* TASK OBJECTIVE:
Pictures stay out. All the rest of the records must be repeated exactly.

* EXERCISE DATA:
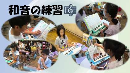 ドミソ・シファソなど,鍵盤ハーモニカで実際に音を確かめています。
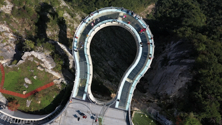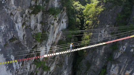 大秋千建在距离石笋河河面将近700米高的悬崖边,相当于233层的高楼,秋千一摆就是置身万丈深渊,真的很考胆量。
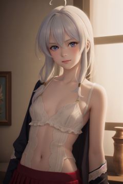 solo, 1girl, off-white hair, ahoge, detailed off-white locks, (elaina \(majo no tabitabi\):1.17), blue eyes, blank stare, sparkling big eyes, bangs, hair between eyes, thin lips, glossy lips, delicate_facial_features, beautiful face, expressive gaze expressions, lovestruck, resolute eyes, light blush, seductive smile, raised eyebrow, mysterious expression, ((oily shiny skin, subtle_rosy_flush_skin)), nape, neck, collarbone, ([:✋:0.5]), medium_breasts, slim waist, slim hips, petite figure, perfectly harmonious figure, perfect physique, perfect anatomy,
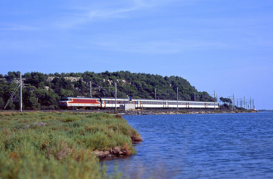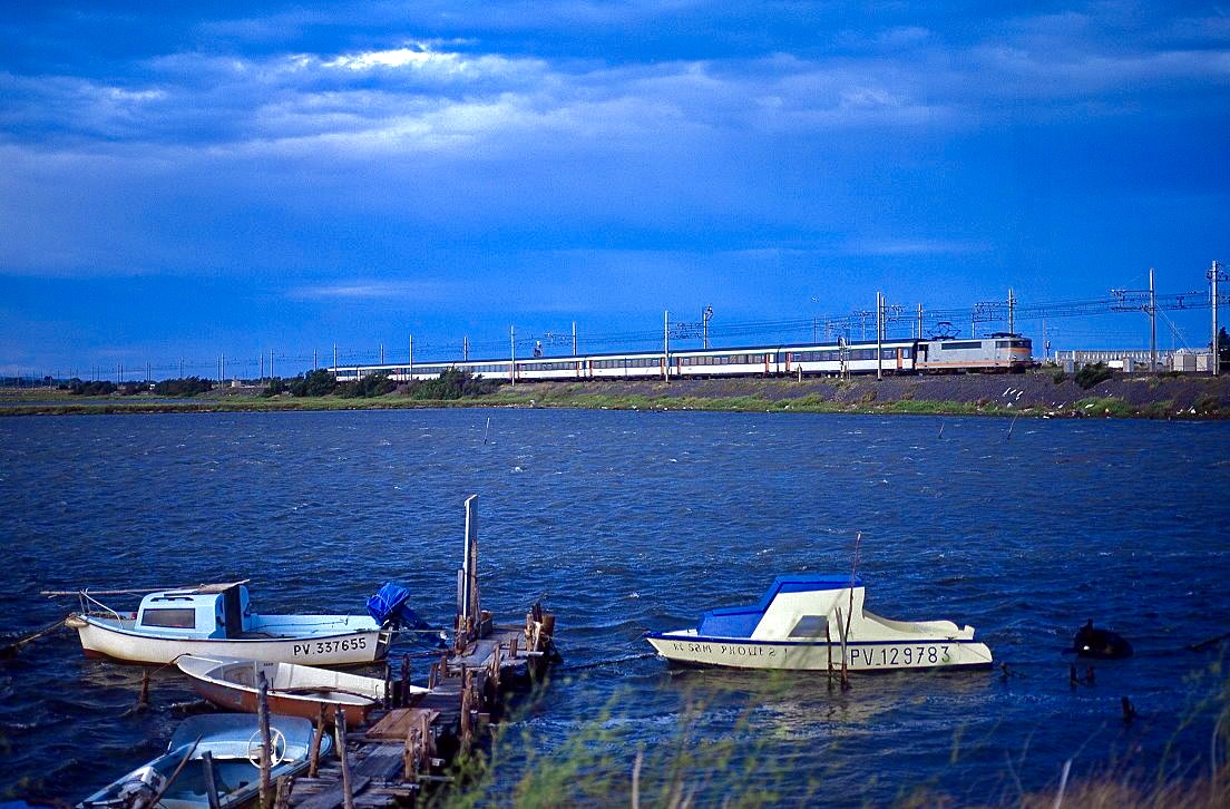 Ein Zug, gebildet aus Talgo-Wagen und gezogen von der SNCF 7283, im Jahr 1988 auf der Strecke Perpignan-Narbonne in Höhe von Salses-le-Chateau. Ernst Lauer
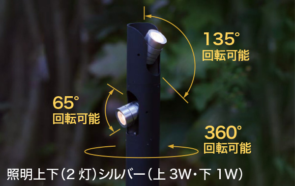 光の角度や方向をマルチに調整できるポールタイプのスポットライト。上方照明は樹木や壁面、下方照明は花壇や通路を照らすなど、シーンに合わせて演出できます。
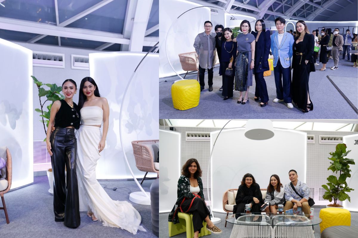 (Foto: Para tamu berfoto di depan dekorasi yang terbuat dari Cellux Stretch Ceiling dari PT Alco Langit Semesta di VIP Longue JFW 2023)
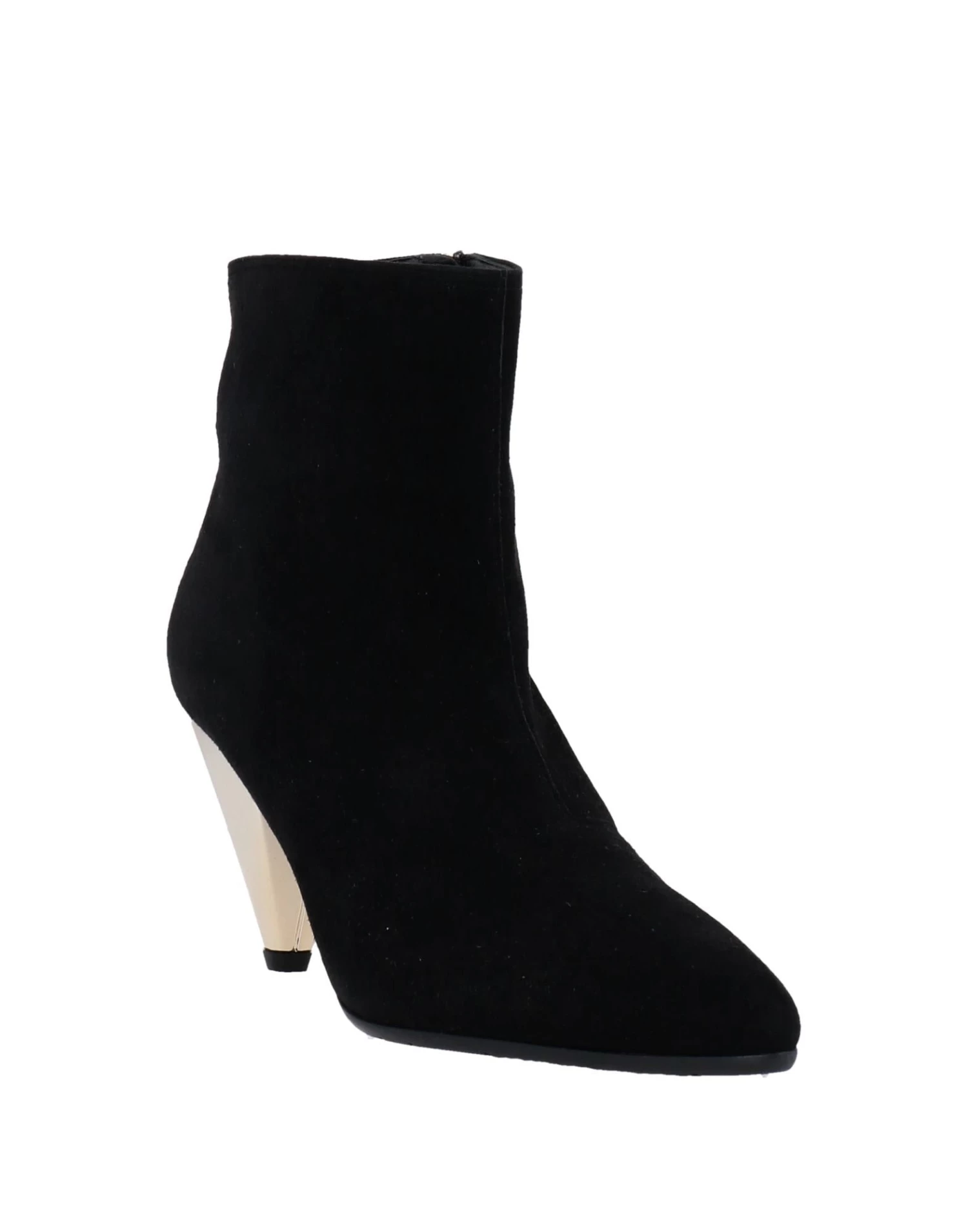 leather, suede effect, no appliqués, solid color, leather backing, zipper closure, narrow toeline, cone heel, rubber cleated sole, contains non-textile parts of animal origin
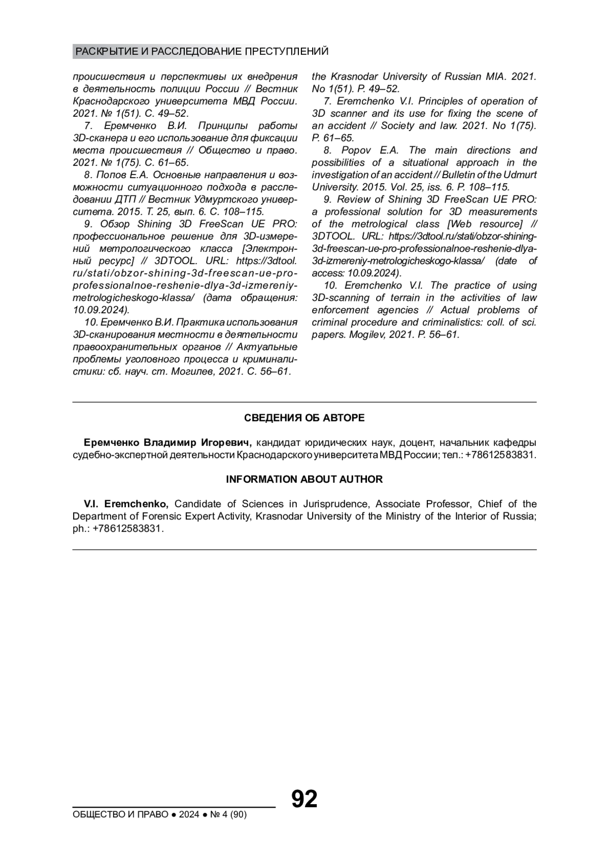 6. Еремченко В.И. Анализ зарубежного опыта использования 3D-сканеров на месте происшествия и перспективы их внедрения в деятельность полиции России // Вестник Краснодарского университета МВД России. 2021. № 1(51). С. 49-52. EDN: PWIWNO
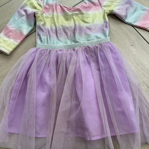 KappAhl kjole for jente i størrelse 98. Kjolen er rosa med hvit overdel og har flere lag med skjørt, inkludert et ytterlag i tynt, transparent stoff som gir volum. Materialet er hovedsakelig polyester. Tynne skulderstropper og mykt fôr på innsiden. Egnet som penkjole til barn i ca. størrelse 98.
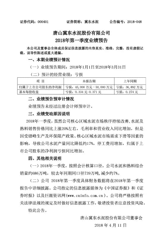 【水泥人網(wǎng)】冀東水泥(000401)4月10日晚披露業(yè)績預(yù)告,公司預(yù)計(jì)今年一季度虧損4.5億至5億元,上年同期虧損3.69億元。報(bào)告期內(nèi),公司核心區(qū)域水泥及熟料銷售價(jià)格同比上漲20%左右,但是因受錯(cuò)峰生產(chǎn)及環(huán)保限產(chǎn)政策、市場需求下滑等因素的影響,導(dǎo)致公司水泥產(chǎn)量同比降低約17%,停工費(fèi)用增加。
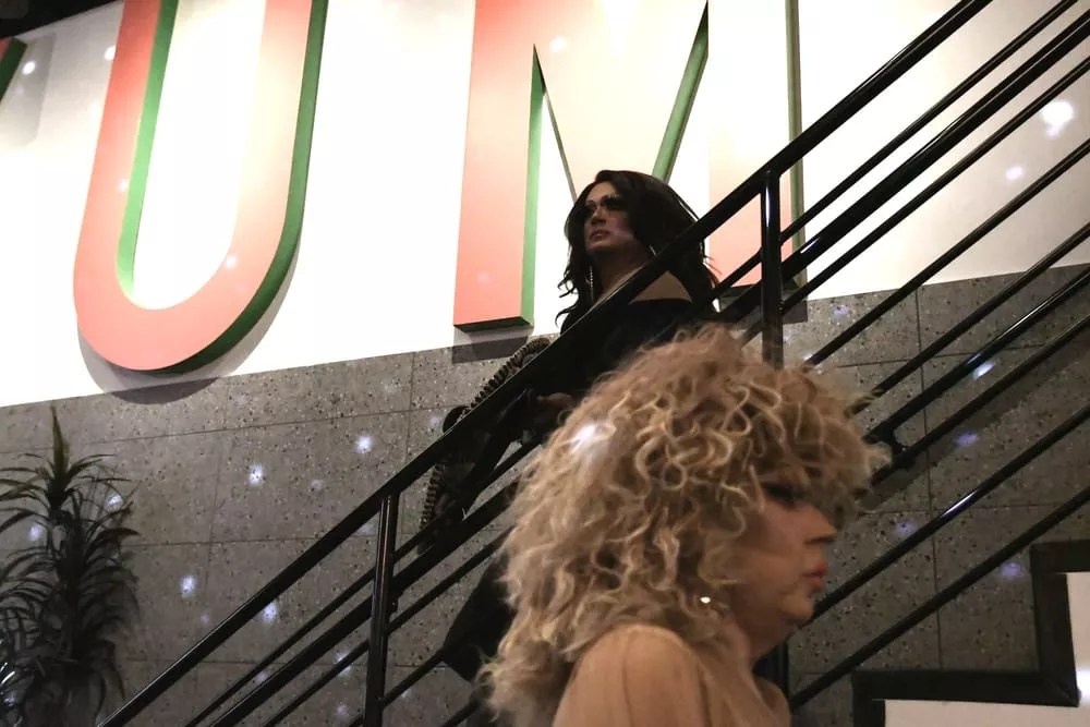A performer walks down the steps of YUMBAR and prepares to lip sync a song by Selena during a Friday late night drag show.
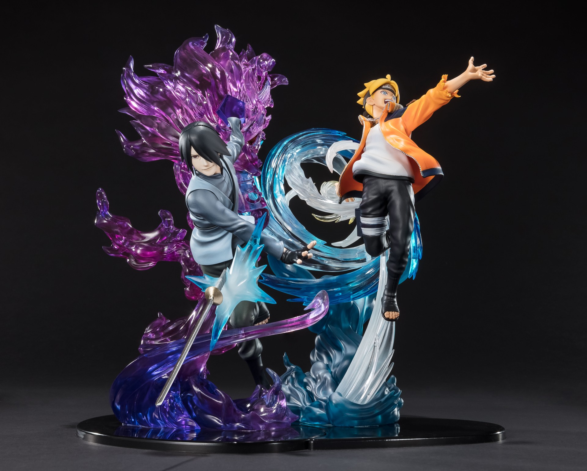 La posa dinamica di Sasuke lo mostra mentre lancia la sua spada mentre attiva Susano'o!
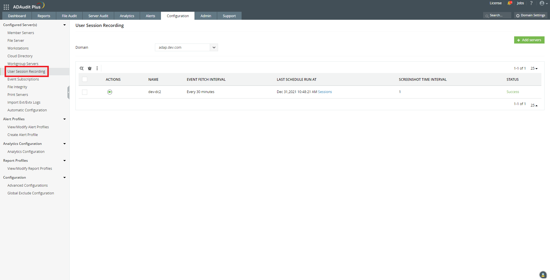 Navigate to the Configuration tab > Configured Server(s) > User Session Recording.

* THE ANSWER:
 ドミソ・シファソなど,鍵盤ハーモニカで実際に音を確かめています。
 大秋千建在距离石笋河河面将近700米高的悬崖边,相当于233层的高楼,秋千一摆就是置身万丈深渊,真的很考胆量。
 solo, 1girl, off-white hair, ahoge, detailed off-white locks, (elaina \(majo no tabitabi\):1.17), blue eyes, blank stare, sparkling big eyes, bangs, hair between eyes, thin lips, glossy lips, delicate_facial_features, beautiful face, expressive gaze expressions, lovestruck, resolute eyes, light blush, seductive smile, raised eyebrow, mysterious expression, ((oily shiny skin, subtle_rosy_flush_skin)), nape, neck, collarbone, ([:✋:0.5]), medium_breasts, slim waist, slim hips, petite figure, perfectly harmonious figure, perfect physique, perfect anatomy,
 Ein Zug, gebildet aus Talgo-Wagen und gezogen von der SNCF 7283, im Jahr 1988 auf der Strecke Perpignan-Narbonne in Höhe von Salses-le-Chateau. Ernst Lauer
 光の角度や方向をマルチに調整できるポールタイプのスポットライト。上方照明は樹木や壁面、下方照明は花壇や通路を照らすなど、シーンに合わせて演出できます。
 (Foto: Para tamu berfoto di depan dekorasi yang terbuat dari Cellux Stretch Ceiling dari PT Alco Langit Semesta di VIP Longue JFW 2023)
 leather, suede effect, no appliqués, solid color, leather backing, zipper closure, narrow toeline, cone heel, rubber cleated sole, contains non-textile parts of animal origin
 6. Еремченко В.И. Анализ зарубежного опыта использования 3D-сканеров на месте происшествия и перспективы их внедрения в деятельность полиции России // Вестник Краснодарского университета МВД России. 2021. № 1(51). С. 49-52. EDN: PWIWNO
 KappAhl kjole for jente i størrelse 98. Kjolen er rosa med hvit overdel og har flere lag med skjørt, inkludert et ytterlag i tynt, transparent stoff som gir volum. Materialet er hovedsakelig polyester. Tynne skulderstropper og mykt fôr på innsiden. Egnet som penkjole til barn i ca. størrelse 98.
 【水泥人網(wǎng)】冀東水泥(000401)4月10日晚披露業(yè)績預(yù)告,公司預(yù)計(jì)今年一季度虧損4.5億至5億元,上年同期虧損3.69億元。報(bào)告期內(nèi),公司核心區(qū)域水泥及熟料銷售價(jià)格同比上漲20%左右,但是因受錯(cuò)峰生產(chǎn)及環(huán)保限產(chǎn)政策、市場需求下滑等因素的影響,導(dǎo)致公司水泥產(chǎn)量同比降低約17%,停工費(fèi)用增加。
A performer walks down the steps of YUMBAR and prepares to lip sync a song by Selena during a Friday late night drag show.
 La posa dinamica di Sasuke lo mostra mentre lancia la sua spada mentre attiva Susano'o!
 Navigate to the Configuration tab > Configured Server(s) > User Session Recording.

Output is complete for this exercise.